Islay's population peaked at over 15,000 in 1841, but had dropped to fewer than half that number by the end of the century through clearance and emigration. Over the same period, and subsequently, the patterns of settlement also changed dramatically. In the 1800s the parish covering northern and north western Islay was known as "Kilchoman and Kilchiaran", and the focus of worship was the large and long established church at Kilchoman near the north west coast.
The development of distilleries on the Loch Indaal side of the Rhinns of Islay and of the village of Port Charlotte meant that an increasingly large proportion of the population lived on this side of the peninsula. St Kiaran's Church was built in 1897 to provide a place of worship in a location more convenient for the parishioners. The church was planned by Peter MacGregor Chalmers, a Glasgow architect known for his many churches across Scotland, and for his work on the restorations of Iona Abbey and Paisley Abbey. The dedication to St Kiaran continues the tradition of the medieval Kilchiaran Chapel, whose ruins remain on the opposite side of the Rhinns.
In 1977, St Kiaran's became the parish church and Kilchoman Church, by this time standing in an almost totally depopulated part of the island, was abandoned. The churchyard at Kilchoman remained in use, however, which is why there isn't one at St Kiaran's.
St Kiaran's is aligned almost north-south. Romanesque in style, like many of its architect's churches, its grey stone exterior is nicely offset by the red sandstone dressings around the windows and gables. The drive leads up to a large car park behind the church, but for casual visitors it is possible to pull off the road, from where it is only a short walk up the path to the main door.
The interior is divided into a nave and a chancel by a semicircular sandstone chancel arch. The transept on the east side of the church was originally accessed by two similar arches, though these are now blocked off. The walls are white, which nicely offsets the dark wood of the furniture and the roof.

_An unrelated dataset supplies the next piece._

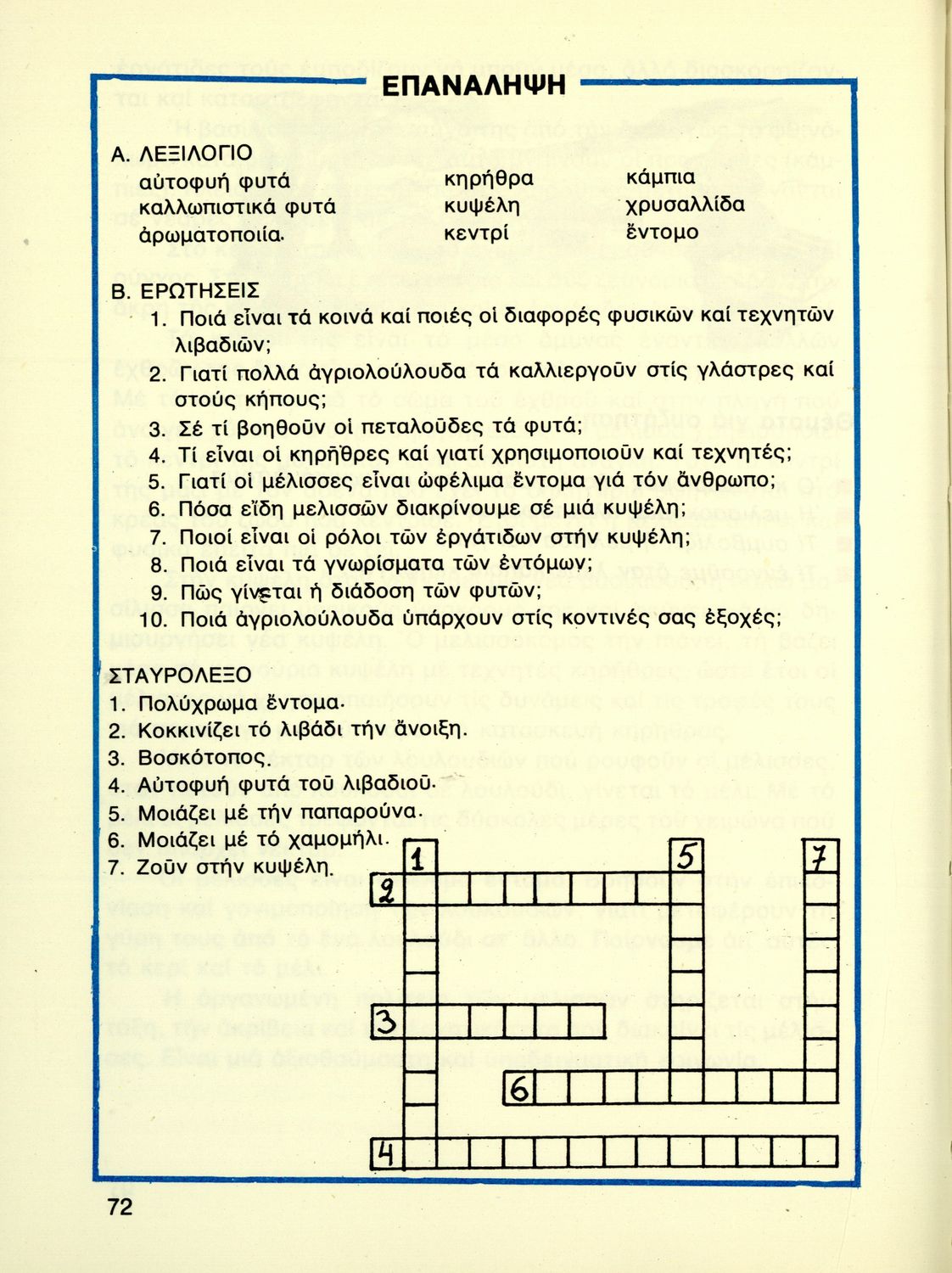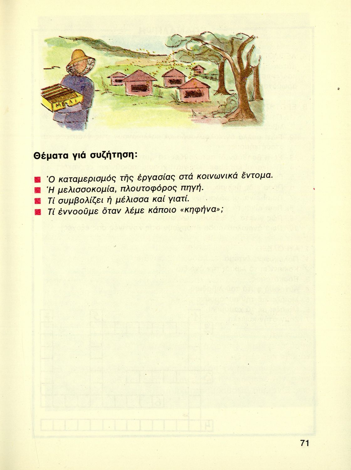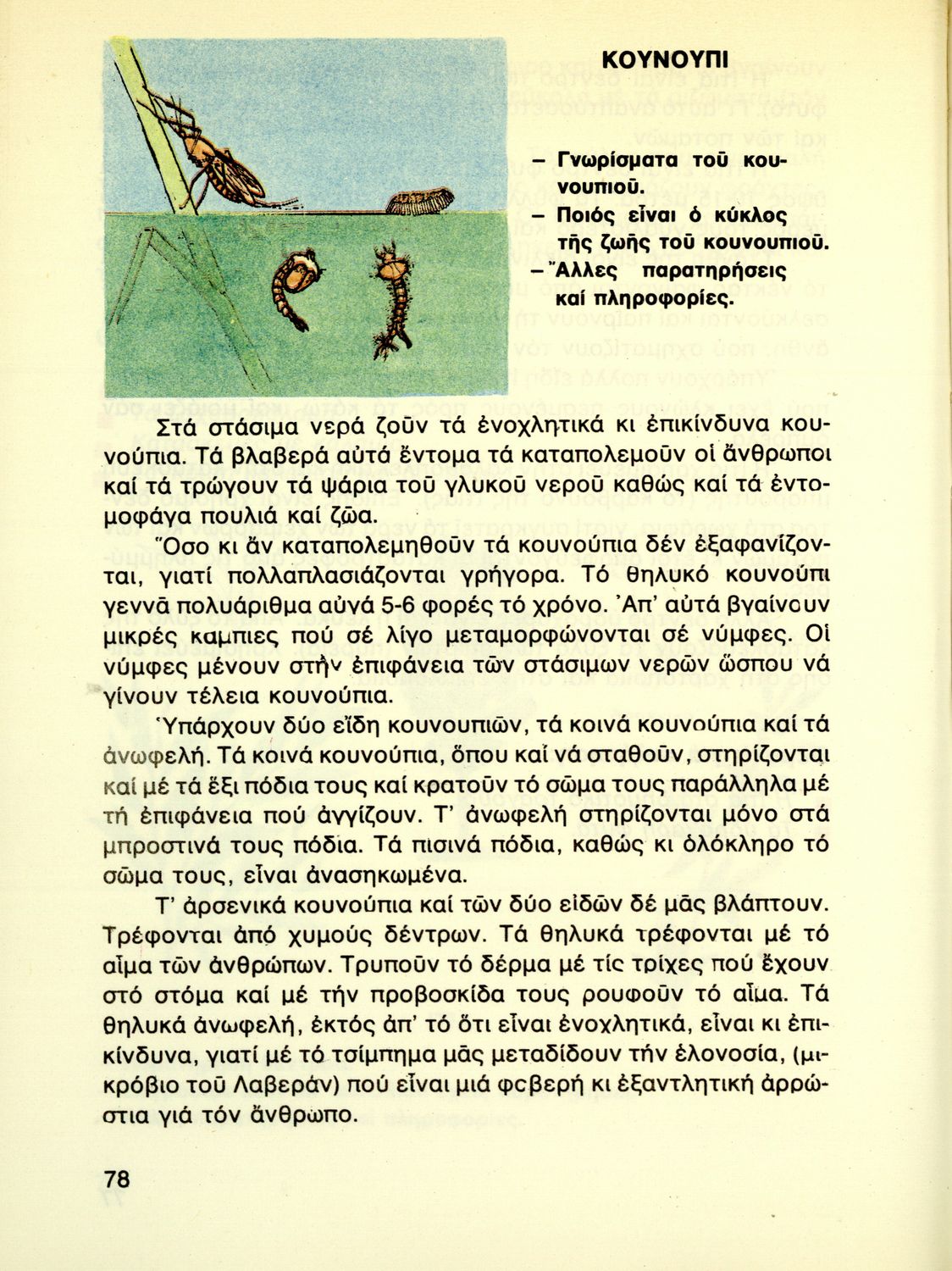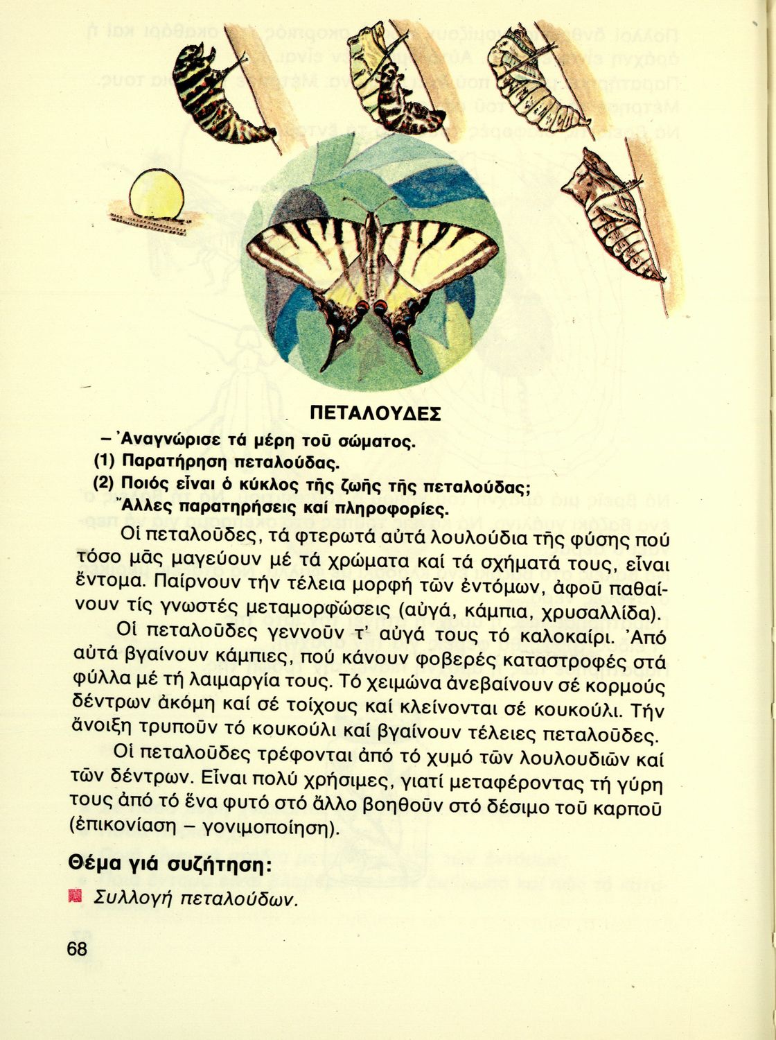 Σχολικό εγχειρίδιο Φυτολογίας και Ζωολογίας για τη Δ΄ Δημοτικού που γράφτηκε στη σειρά εκδόσεων της Σχολή Μωραΐτη. Παρουσιάζει πλήθος φυτών και ζώων και εστιάζει στην αναπαραγωγή, τους εχθρούς, τις διατροφικές

The focus of the interior is very much its northern end and the chancel. Just within the nave are the pulpit and font, while the chancel itself is home to the communion table. Also in the chancel are two small stained glass windows. These depict elements of the communion. Once shows Christ with a chalice; while the other shows him carrying loaves. The overall result is a church with a nicely welcoming feel, and one which though built for the Church of Scotland harks back strongly to pre-Reformation church architecture.